Deep-gKnock: Nonlinear group-feature selection with deep neural networks
Document Type
Article
Date of Original Version
3-1-2021
Abstract
Feature selection is central to contemporary high-dimensional data analysis. Group structure among features arises naturally in various scientific problems. Many methods have been proposed to incorporate the group structure information into feature selection. However, these methods are normally restricted to a linear regression setting. To relax the linear constraint, we design a new Deep Neural Network (DNN) architecture and integrating it with the recently proposed knockoff technique to perform nonlinear group-feature selection with controlled group-wise False Discovery Rate (gFDR). Experimental results on high-dimensional synthetic data demonstrate that our method achieves the highest power and accurate gFDR control compared with state-of-the-art methods. The performance of Deep-gKnock is especially superior in the following five situations: (1) nonlinearity relationship; (2) dimension p greater than sample size n; (3) high between-group correlation; (4) high within-group correlation; (5) large number of associated groups.
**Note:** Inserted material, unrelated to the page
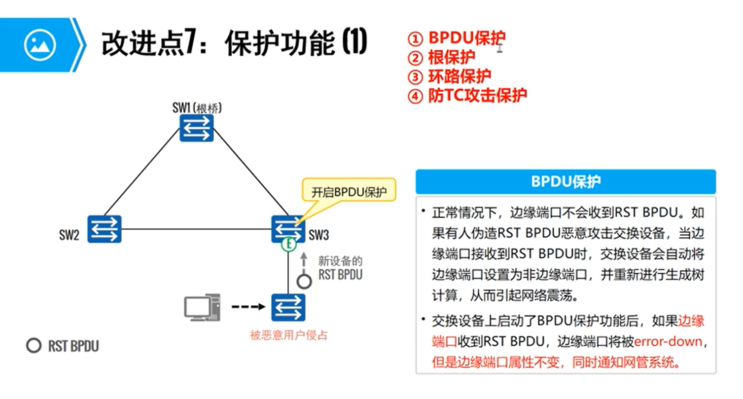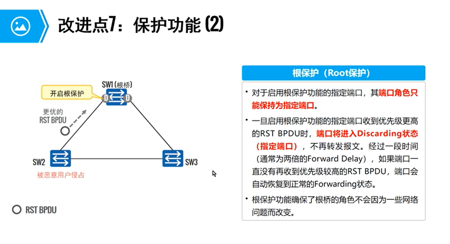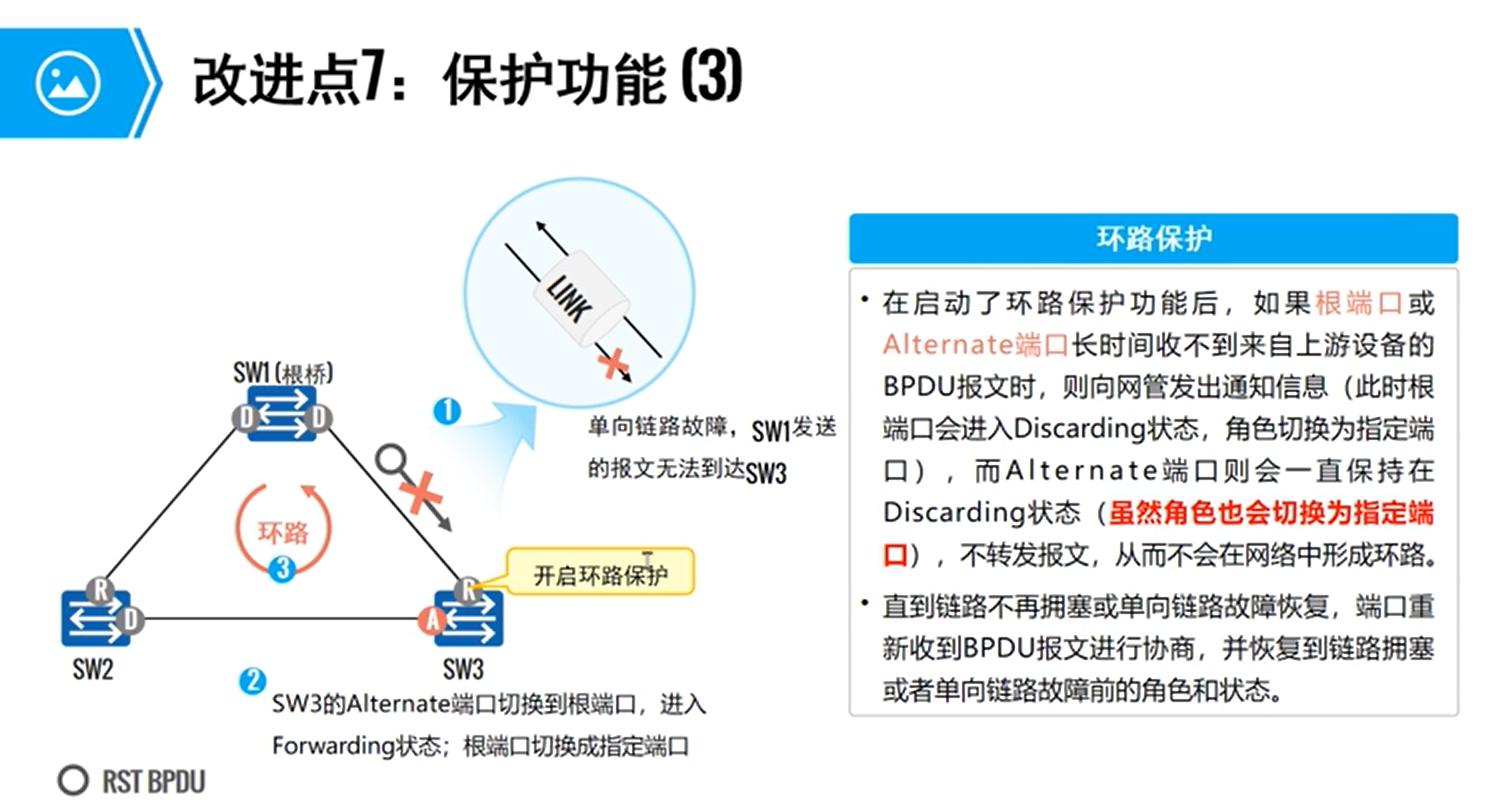 只在根端口或alternate口启用环路保护功能,启动后如果长时间收不到根桥的BPDU,则启动环路保护功能,根端口处于discarding 状态, alternate口处于转发状态,即自动关闭没有收到BPDU的根端口,开启alternate口。

And Deep-gKnock is also demonstrated to be robust to the misspecification of the feature distribution and the change of network architecture. Moreover, Deep-gKnock achieves scientifically meaningful group-feature selection results for cutting-edge real world datasets.
Publication Title, e.g., Journal
Neural Networks
Volume
135
Citation/Publisher Attribution
Zhu, Guangyu, and Tingting Zhao. "Deep-gKnock: Nonlinear group-feature selection with deep neural networks." Neural Networks 135, (2021): 139-147. doi: 10.1016/j.neunet.2020.12.004.